From February 1988 to August 1989, he was a Member of Technical Staff at AT&T Bell Laboratories, Reading, PA. During his stay at the University of Illinois, Urbana-Champaign, he taught a microelectronics course from August 1992 to

December 1993. From February 1994 to January 1998, he was a Member of Technical Staff at Lucent Technologies Bell Laboratories, Allentown, PA. Since January 1998, he has been with Oregon State University, Corvallis. His interest has been in the area of analog and mixed analog-digital integrated circuits. His past work includes highly linear and tunable continuous-time filters, telecommunication circuits including timing recovery and analog-to-digital converters, and switched-capacitor circuits.

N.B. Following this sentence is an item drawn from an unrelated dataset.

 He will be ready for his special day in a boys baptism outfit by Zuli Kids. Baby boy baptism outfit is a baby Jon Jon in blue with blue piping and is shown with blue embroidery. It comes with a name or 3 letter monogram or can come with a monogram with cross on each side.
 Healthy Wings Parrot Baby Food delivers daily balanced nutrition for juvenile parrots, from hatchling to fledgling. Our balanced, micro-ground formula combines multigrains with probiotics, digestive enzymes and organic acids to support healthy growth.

Prof. Moon is a recepient of the National Science Foundation CAREER Award in 2002, and the Engelbrecht Young Faculty Award from Oregon State University College of Engineering in 2002. He has been an Associate Editor of the IEEE TRANSACTIONS ON CIRCUITS AND SYSTEMS—II: ANALOG AND DIGITAL SIGNAL PROCESSING since January 2003, now called IEEE TRANSACTIONS ON CIRCUITS AND SYSTEMS—II: EXPRESS BRIEFS. He also serves as a member of the IEEE Custom Integrated Circuits Conference Technical Program Committee and Analog Signal Processing Program Comittee of the IEEE International Symposium on Circuits and Systems.

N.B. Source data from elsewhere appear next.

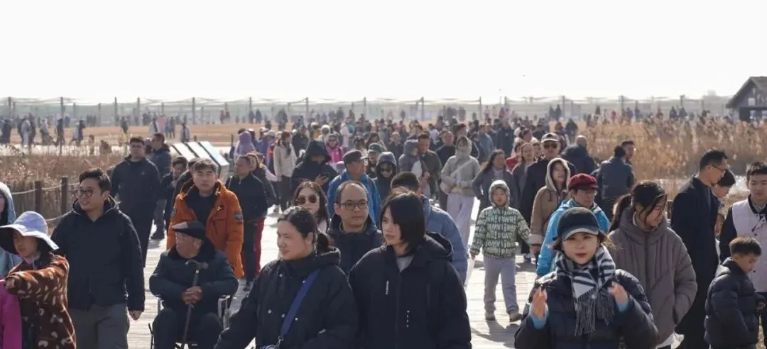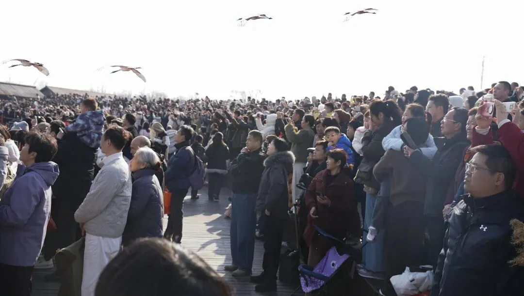 丹顶鹤景区的热闹程度却一路狂飙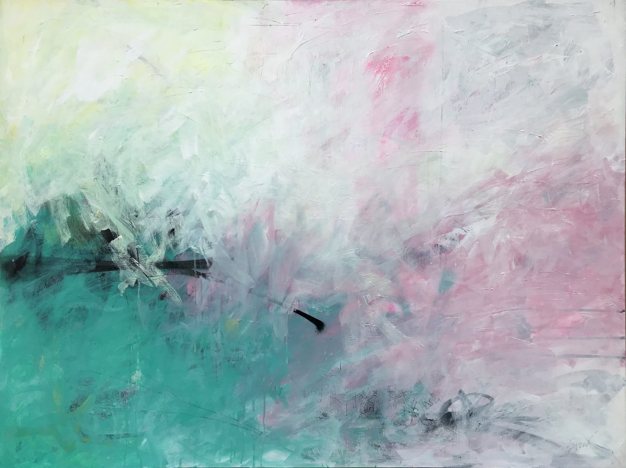 I really enjoyed the creative process of producing this light, bright and airy abstract painting. The pale yellow, pink and aqua are mixed with sprays of black aerosol which are revealed in some areas. The texture and gestural marks create a beautiful flowing movement and rhythm. I think you can feel the energy and emotion I poured into this work. The text can be seen in parts and overall you can gaze upon this piece every day and discover something new. As the title suggests, that’s the way I like it in life and I hope you do too!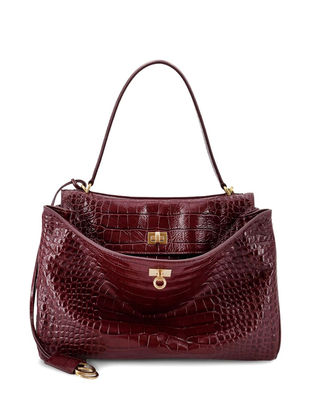 small Rodeo shoulder bag Highlights - Burgundy red - Crocodile embossing - Top handle - Detachable shoulder strap - Gold-tone hardware - Clasp closure - This piece comes complete with a protective dust bag. Imported Composition Lining: Leather 100%

**G. Huang** received the B.S.E.E. (with the highest distinction), and the M.S.E.E. degrees from the University of Iowa, Iowa City, in 1983 and 1985, respectively.

From 1984 to 1987, he was a design engineer at Unisys Corporation, where he worked on various VLSI designs for communications equipment. In 1987, he joined AT&T Bell Laboratories, Holmdel, NJ, as a Member of Technical Staff. He is currently with the Advanced Communications Technologies organization of Bell Laboratories, Holmdel, NJ.

His present work includes signal processing for wireless systems, channel modeling, and neural networks.